Were you actually able to reproduce the problem with OpenAFS 1.4.0 on AMD64 with glibc 2.4?  I have only seen this on x86 as of yet.  
Comment 5 Canal Vorfeed 2006-03-27 14:29:45 UTC
Hmm. Probably not. I've got segfaulting "bos" command, but now I can not reproduce it (even with 1.4.1rc10=>1.4.0 downgrade). It segfaulted in the middle of AFS server installation but once server was installed problem disappeared... Perhaps problem was not with glibc 2.4 but with openafs itself ?

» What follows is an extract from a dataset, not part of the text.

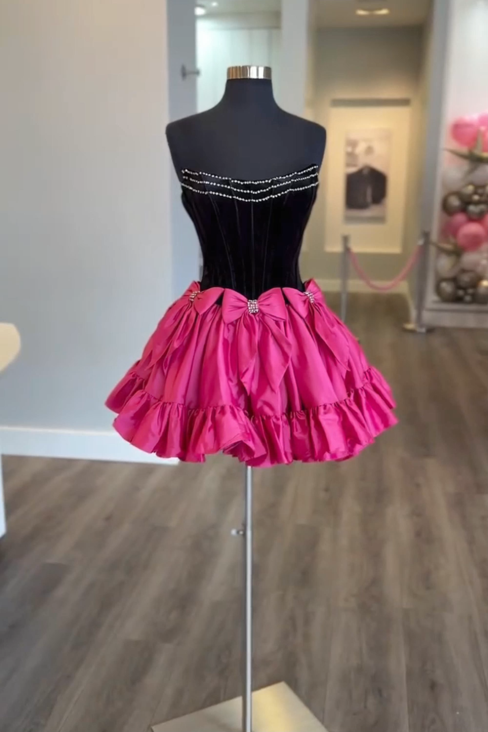 Sparkly Black and Fuchsia Corset A Line Short Homecoming Dress with Bow

Question: glibc 2.4 blocks openafs right now not just on x86 but on AMD64 too while openafs is happy with glibc 2.4 on AMD64 - why keep this block in place ?
Comment 6 Stefaan De Roeck (RETIRED) gentoo-dev 2006-03-28 00:31:44 UTC
(In reply to comment #4)
> Hmm. Probably not. I've got segfaulting "bos" command, but now I can not
> reproduce it (even with 1.4.1rc10=>1.4.0 downgrade). It segfaulted in the
> middle of AFS server installation but once server was installed problem
> disappeared... Perhaps problem was not with glibc 2.4 but with openafs itself ?
> 
> Question: glibc 2.4 blocks openafs right now not just on x86 but on AMD64 too
> while openafs is happy with glibc 2.4 on AMD64 - why keep this block in place ?

If you had a segfaulting "bos" command, that seems ample reason to me. I blocked glibc-2.4 on all platforms, because I had no reason to assume the bug was in x86-specific code. You getting a segfault as well on amd64 seems to support this. Of course the question remains how to reproduce that, and how to fix it. 

In the meanwhile, bug reports about this problem seem to be appearing on the upstream mailing list, so I'm confident there will be some fix soon. I hope it'll find its way in openafs-1.4.1. 
Comment 7 borut.kersevan 2006-04-07 04:53:13 UTC
I had the same problems with klog and aklog (segfaults) but I found a solution
that works form me on x86 with glibc 2.4 by fixing the savecontext function in 
process.c :
http://www.archivesat.com/OpenAFS_Developers/thread236068.htm
Comment 8 Stefaan De Roeck (RETIRED) gentoo-dev 2006-04-07 05:40:34 UTC
(In reply to comment #6)
> I had the same problems with klog and aklog (segfaults) but I found a solution
> that works form me on x86 with glibc 2.4 by fixing the savecontext function in 
> process.c :
> http://www.archivesat.com/OpenAFS_Developers/thread236068.htm
> 

Yes, but this is the x86-only fix, if I'm correct. I've heard a better solution is in the cvs tree. I feel it's better to wait for that to appear in a release. 
Comment 9 Stefaan De Roeck (RETIRED) gentoo-dev 2006-04-22 03:38:44 UTC
Put openafs-1.4.1 in the tree. It fixes the incompatibility with glibc-2.4 (at least on my system). 
One note: emerging openafs first, and then glibc, still gave me the same error. Remerging openafs here fixed the problem. So I suppose the fix detects the installed glibc version and chooses an implementation according to that.